慎重かつ綿密に、計画を進めていきましょう。

まとめ

フランチャイズ契約は、有名なブランドの影響力・ビジネススキームをそのまま活用できるメリットがありますが、フランチャイズならではの課題や、全体として統一的なサービスを行うための自由度の低さなどのデメリットもあり、加盟者側の裁量権は通常の事業よりもかなり限られます。

しかし、ゼロから事業を構築・展開することを考えると、既に実績が出ている事業をそのまま活用できるというのは、大きなプラス要素です。

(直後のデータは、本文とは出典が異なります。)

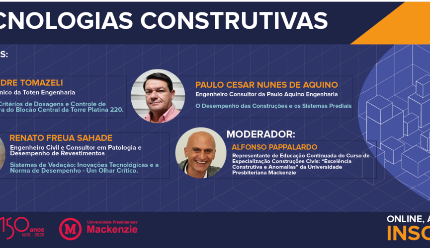 A Escola de Engenharia (EE) da Universidade Presbiteriana Mackenzie (UPM) em parceria com o Mackenzie Soluções, área de negócios do Instituto Presbiteriano Mackenzie (IPM), realizará na próxima terça-feira, 08 de junho às 19h, o Webinar Tecnologias Construtivas. O encontro on-line é gratuito e está com inscrições abertas.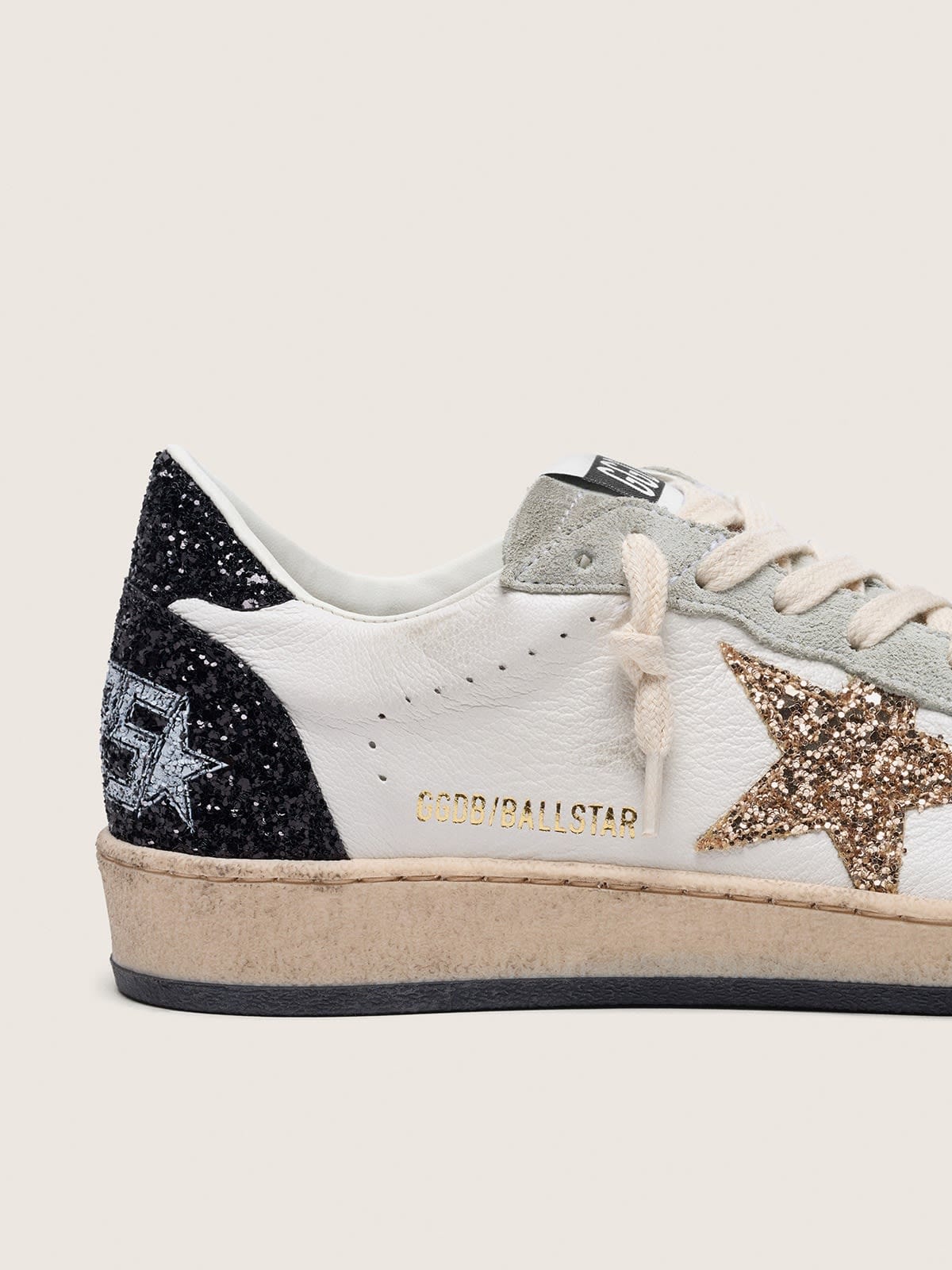 Golden Goose Women’s Ball Star In Nappa And Suede With Glitter Star And Black Heel Tab
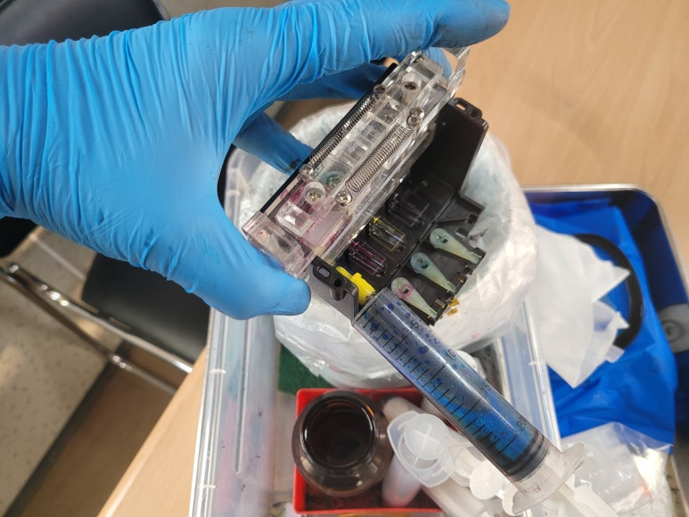 ● 프린터 헤드 강세정액 주입 노즐 세척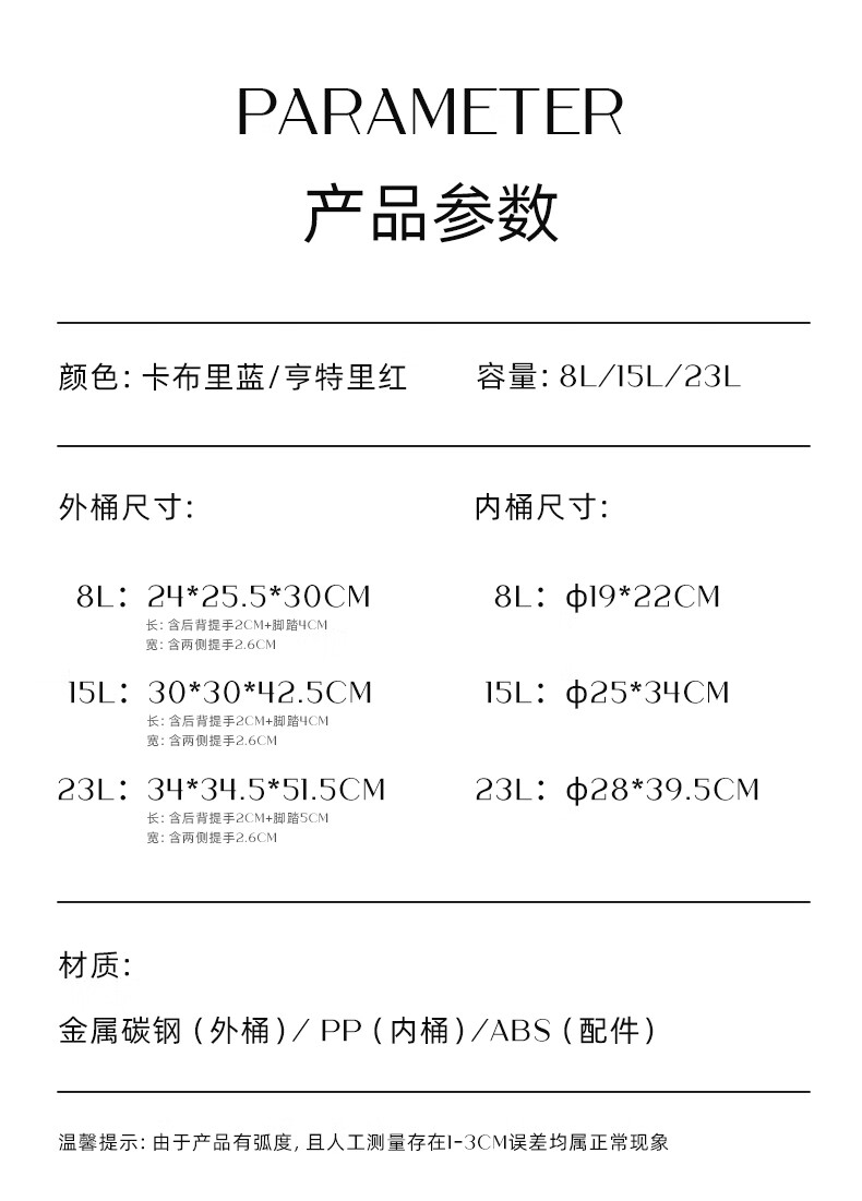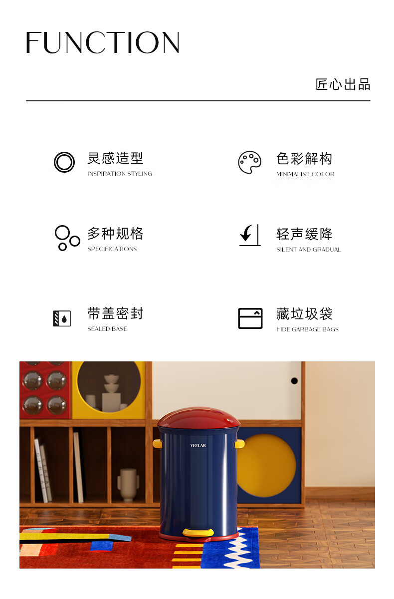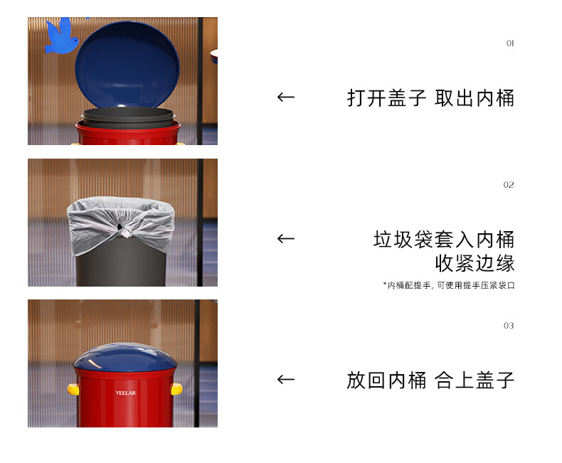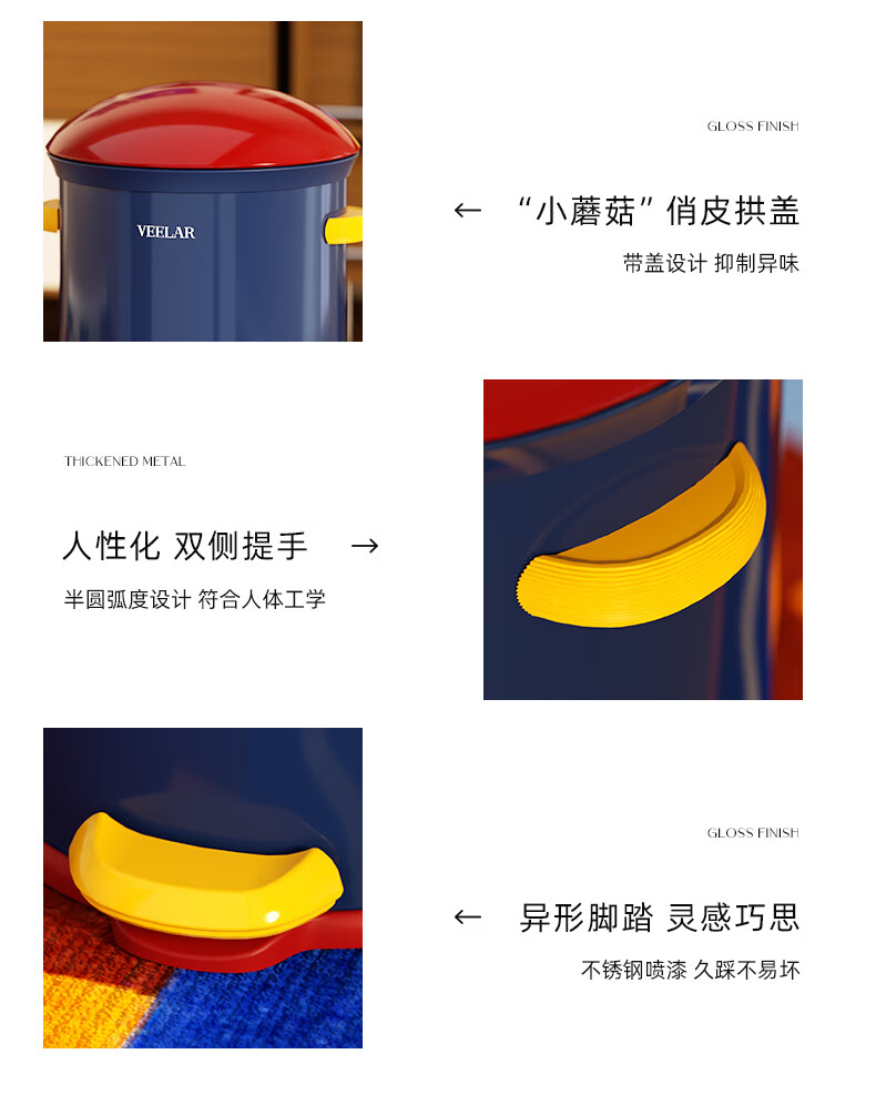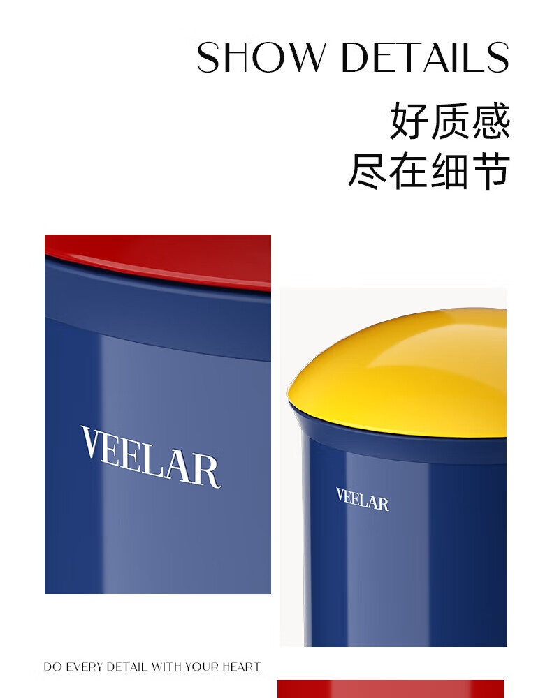 VEELAR Creative Trash Can for Living Room and Household Internet Celebrity 2025 New Dopamine Kitchen and Bathroom High-Looking Pedal with Cover 8L-Capri Blue (Red Cover)

また、フランチャイズ事業の種類・事業者の数も相当あります。フランチャイズで扱う商材が、自身にとって適している物かを慎重に考える必要があります。

いずれにせよ、フランチャイズ契約を行う場合は、5年・10年からそれ以上のスパンの長期契約となります。事業者だけでなく事業そのものも継続性・今後の競合の出現も含め、しっかりと未来を見据えた上で検討することをお勧めします。